CONCEPT Cited by 1 source
Continuous-computation convergence (batch + streaming)¶
Definition¶
Continuous-computation convergence is the observation that the decades-long distinction between batch and streaming data processing collapses once:
- Data warehouses and lakehouses agree on an open table format (settling on Apache Iceberg in 2024), and
- Query engines absorb the temporal complexity (late-arriving events, system-time vs event-time, windowing, watermarking) that was historically forced on the operator.
The result: you use the lakehouse for backfill and the low-latency stream for tailing iterators after you are caught up, and the batch/streaming choice becomes a query-engine internal concern rather than an architectural decision the application has to make.
Canonical statement on the wiki¶
Alex Gallego (Redpanda founder) walks the 20-year batch → streaming → convergence trajectory and attributes the inflection to the Iceberg handshake (Source: Gallego 2025-04-03):
"No one cares about batch and streaming differences today.

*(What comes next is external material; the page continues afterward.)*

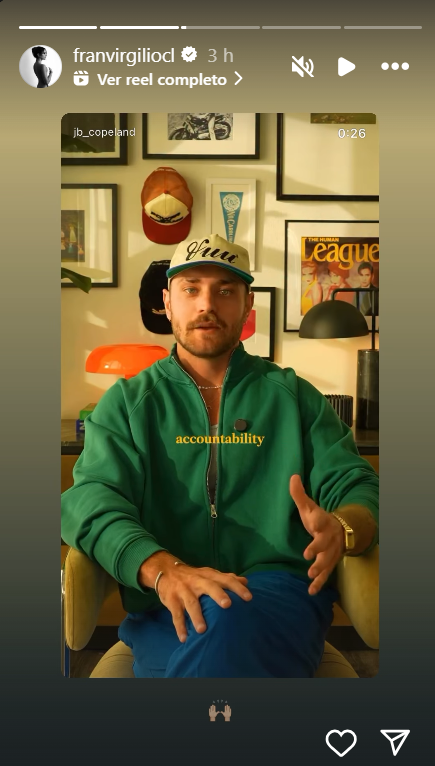 La joven compartió en sus historias de Instagram un video del influencer JB Copeland, en donde habla sobre aquellos que no son capaces de asumir sus culpas y responsabilidades.

For many years, we debated the mental model that streaming was a superset of batch once you added a cron-like timer callback. Last year, from customer pressure, the largest data warehouse products settled on Iceberg as an open-source data format. With that handshake, the world began thinking about data as a continuous computation. Use the lakehouse for backfill and the low latency stream for tailing iterators after you are caught up, but fundamentally push the complexity to the compute engines."
Why batch persisted for so long¶
Gallego's framing: batch was a historical artefact driven by the absence of two things —
- Mental tools for incremental computation — specifically differential dataflow and DBSP, which give developers tractable reasoning about the output-delta of a continuous computation given an input-delta.
- Intuitive industrial streaming implementations that let engineers reason about continuous dataflow at the same comfort level as Unix pipes (his framing: "Batch was the mental extension of the Unix pipe. Simple stages that one could reason about separately and debug. A simple mental model that scaled…slowly.").
Once brokers like Redpanda and query engines like Flink / Databricks / Snowflake absorbed both gaps, the convergence became natural.
The Iceberg handshake specifically¶
The specific 2024 event Gallego cites: the major warehouse vendors (Databricks, Snowflake, BigQuery) converging on Iceberg as the open-source data format. Concrete mechanism on the streaming side: Redpanda's Iceberg topics — "elevated the mental model of what used to be a bag of bytes to one with schemas — and evolutions — that could be projected and consumed by warehouse technologies like BigQuery, Databricks, and Snowflake." See the 2025-01-21 Medallion post for the full mechanism disclosure.
Complexity does not disappear — it relocates¶
Gallego's honest acknowledgment that the temporal-world problems haven't gone away:
"the world is not nicely delineated hourly event-horizons where you simply accumulate the costs for your accounting systems and et-voilà. The world is filled with complexities of time, from late arriving events to the difference between system times and event times, to byzantine systems or attackers that will try to temper the authenticity of messages with manually curated timestamps to reorder sequencing."
The claim is that these complexities are pushed into the compute engines — not eliminated — so the application developer and the infrastructure operator see a unified interface.
Consequences for wiki-adjacent patterns¶
- patterns/streaming-broker-as-lakehouse-bronze-sink — the concrete realisation: the streaming broker itself serves as the lakehouse Bronze tier, no external ETL.
- concepts/medallion-architecture — the Bronze/Silver/Gold framing works identically whether transitions are batch-dbt or streaming-Flink.
- concepts/elt-vs-etl — convergence means ELT-in-the-warehouse and streaming-ETL are the same story from the application's perspective.
Seen in¶
- sources/2025-04-03-redpanda-autonomy-is-the-future-of-infrastructure — Gallego's 20-year-arc framing canonicalising the batch/streaming convergence as the prerequisite for agent-era infrastructure (code-in-control needs unified historical + real- time access via a single tool).